Published online by Cambridge University Press: 05 January 2013
Translated by Eric Weinberger
The East-West conflict defined the terms of German-American relations until 1990, considerable fluctuations in the intensity of that conflict notwithstanding. West Germany's dependence on American protection determined where the country stood politically in the later decades of the Cold War, as it had before 1968, and colored the views the West German parties held of the relationship between their country and the United States. The Harmel Report issued by NATO in 1967 had called for equal weight to be given to defense and détente in the interests of European security. West Germany's political parties differed on security policy in large part because they placed different weight on defense and détente and, consequently, placed different value on relations with the United States. Moreover, positive attitudes toward the United States began to fade in the mid-1960s, when America became the focus of criticism - especially from the younger generation - for its methods of warfare in Indochina. The loss of faith in American politics, aggravated by the Watergate scandal, cast increasing doubt on taking America as a role model.

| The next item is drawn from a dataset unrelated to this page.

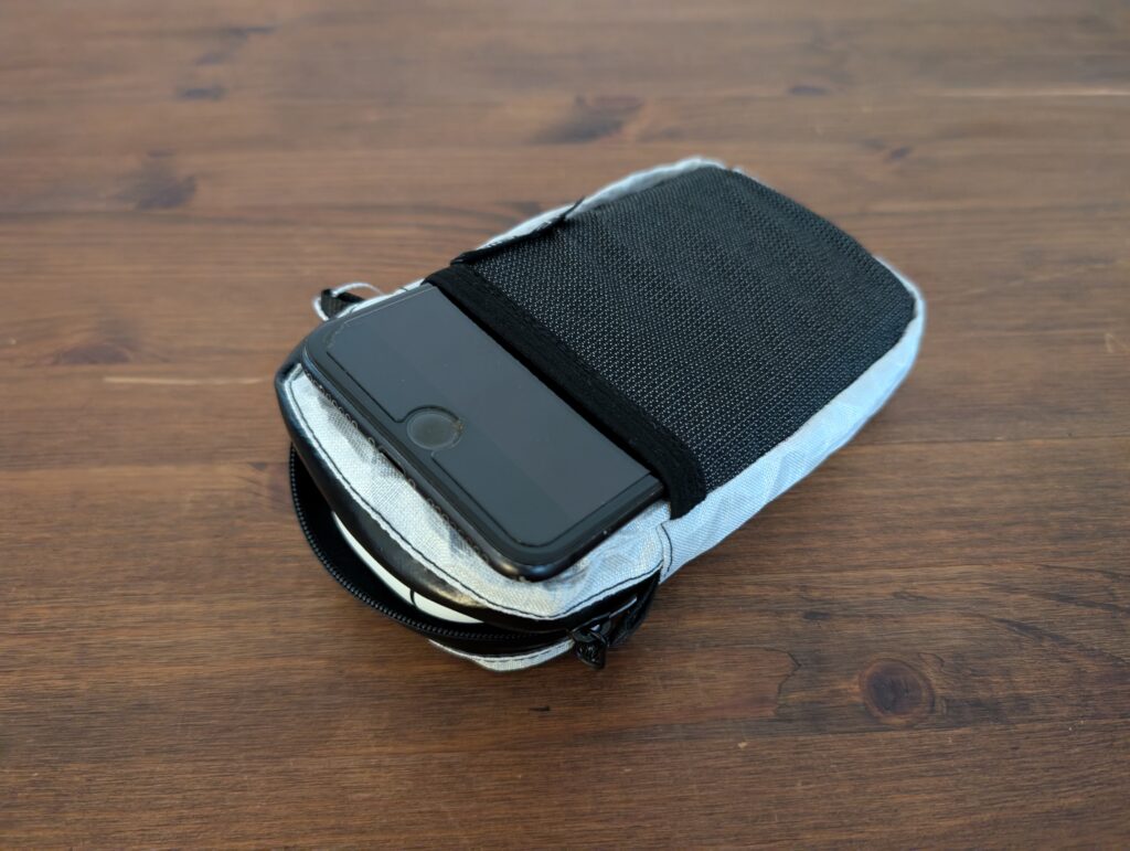 LITE POCKETは、バックパックのショルダーハーネスに取り付けて使用します。デイジーチェーン(ショルダーの輪っか)が着いているバックパックならばメーカーを問わず取り付け可能です。山行時にスマホや行動食、財布など素早く取り出したいものを収納すると非常に便利です。今回使用したスマホは8×16㎝ですが、フロント部分の黒いメッシュに丁度収まるサイズ感でした。ジッパー付きのメインポケットには、もうワンサイズ大きいスマホも収納できますね。

Beginning in the late 1970s, skepticism about the motives and goals of American policy began to spread within the Social Democratic Party of Germany (SPD) and among the Greens. The Reagan administration’s distinctive combination of a focus on American interests, Manichaean worldview, and sense of political mission helped spur the SPD and the Greens to question the wisdom of West Germany’s security dependence on the United States. Their unease would persist throughout the Reagan era. However, the Christian Democratic Union (CDU), the Christian Social Union (CSU), and the Free Democratic Party (FDP) functioned as a domestic counterbalance to those critical of the United States.